Name transcription(s)
- • Chinese: 巴歪岛
- • Pinyin: bāwāi dǎo
- • Malay: Pulau Pawai
- Pulau Pawai Location of Pulau Pawai within Singapore
- Coordinates: 1°11′09″N 103°43′29″E﻿ / ﻿1.1857°N 103.7246°E
- Country: Singapore

= Pulau Pawai =

Pulau Pawai, also known as Alligator Island during the colonial times, is a 182,000 m² island located within the Singapore Armed Forces Live Firing Area. It is located off the southwestern coast of Singapore, between Pulau Sudong to its north and Pulau Satumu to its south. It is one of the three islands owned by the Singapore Armed Forces for live firing exercises, the other two being Pulau Sudong and Pulau Senang.
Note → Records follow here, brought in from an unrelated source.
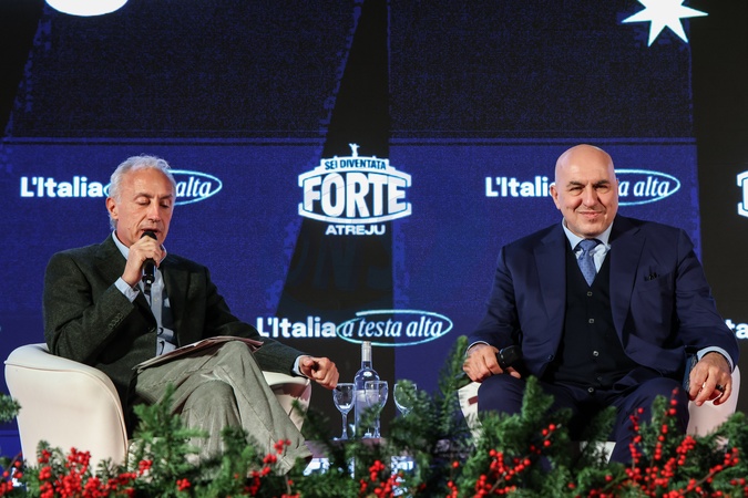 Atreju, demonstration of the Italian right, in the photo the commentator and journalist Marco Travaglio with the Minister of Defense Guido Crosetto. Italy 12 December 2025, Credit:Francesca Bolla / Avalon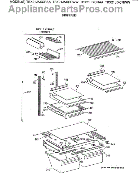 Parts for Ge TBX21JIXCRWW: 04 - Shelf Parts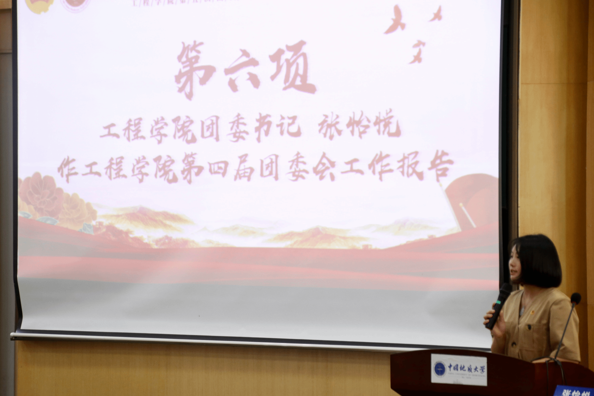 工程学院团委书记张怡悦作工程学院第四届团委会工作报告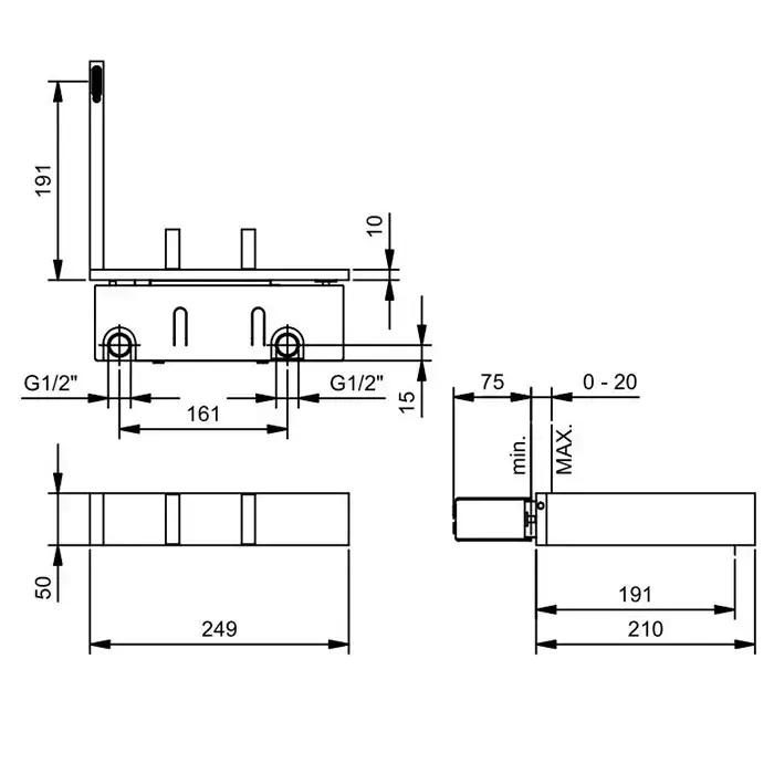 Fantini AK/25 Смеситель для раковины, настенный, излив: 191 мм, цвет: Matt Gun Metal PVD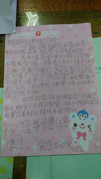 當老師講完到最後..老師就說小孩都有寫張話要給爸媽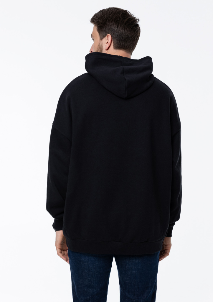 Размер мужского худи: XL/52. Параметры модели: рост 190 см.; обхват груди 108 см.; обхват талии 87 см.; обхват бедер 104 см.
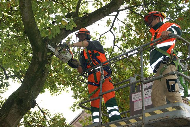 Op dinsdag 27 oktober waren de heren van de groenvoorziening druk bezig in Linschoten. Met een hoogwerker werden de bomen gesnoeid, de slechte bomen werden verwijderd.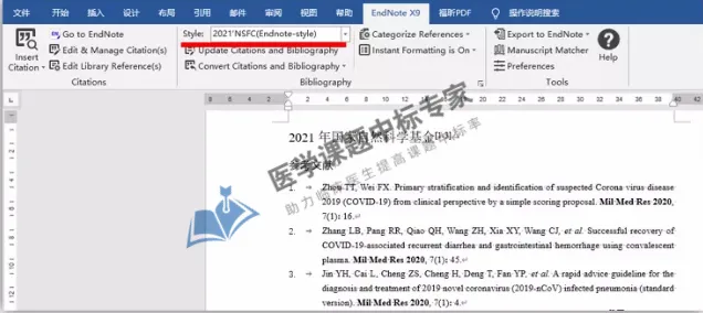 历年NSFC均没有提供立项依据中参考文献的标准格式,经验告诉我们,一般情况参考文献的格式只要全文统一,即可(此处特指立项依据中的参考文献)。因此,这里我们整理了一个Endnote的style,供大家参考使用,便于节省整理时间!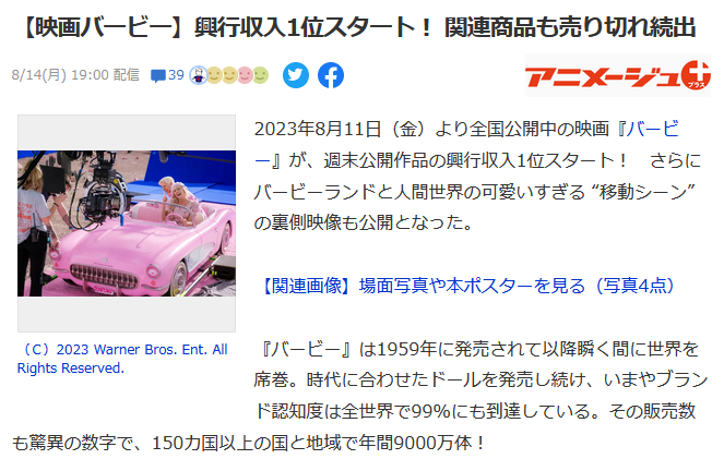 映画『バービー』が、8月11日(金)より日本公開されている。週末の興行収入は3日間で1.9億を突破し堂々の1位を記録した。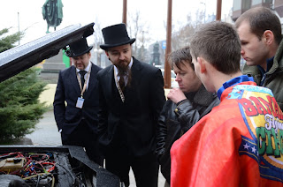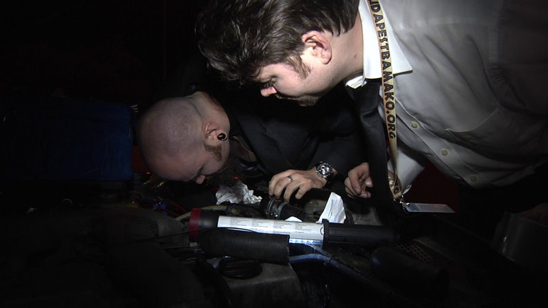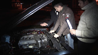 The people at Norauto gave as a rather awesome service! This even if fixing our car is not the kind of thing they usually do. Hopefully we have gotten rid of our overheating problems as we fixed a leak in our cooling system. We got a good look under the car to see all the magnificent rust that is supporting us. We also found that one of the shocks of the car had come loose - that is a thing that could cause truly serious problems. We got all that fixed.The Norauto people did not have the parts to fix our exhaust and sent us searching for an exhaust repair shop. Armed with an address and a description of where to drive we set out on the hunt for the thick tubing needed for our exhaust. Kristian was left behind to get our GPS updated - so we missed the misdirection of Garmin. Trying to figure out the house-numbering system in Budapest was a small challenge and at some point Per said, “Turn left here”. I had a real quick glance in the mirror - saw nothing - the mirror was, as usual slightly out of alignment and almost broadsided the police. They pulled us over. They looked into our car seeing two guys in top hats and suits saying “We are, so, very, very sorry.” - they let us go with a warning to follow the traffic laws.

==Live Firing Area (Southern Islands)==
Since 9 June 1989, the island together with Pulau Senang and Pulau Sudong, these three islands formed the Singapore Armed Forces southern islands military training area and live-firing zone. As with all other military installations within the country, the entire live-firing zone is strictly off limits to all civilians at all times of the day and night.

The island is used mainly as a practice range for live-ammunition bombing both from the air and the ground. The Republic of Singapore Air Force and Navy take turns to use it, with the Air Force practicing strafing and the Navy practicing shelling targets.

Pawai's lush green and brown forests are mostly undisturbed and it has been found to have a rich biodiversity of coral reefs, especially fringing reefs.

==Etymology==
"Pawai" means cortège (procession, retinue) or suite of the Raja, so presumably the retinue of the Raja stayed on this island.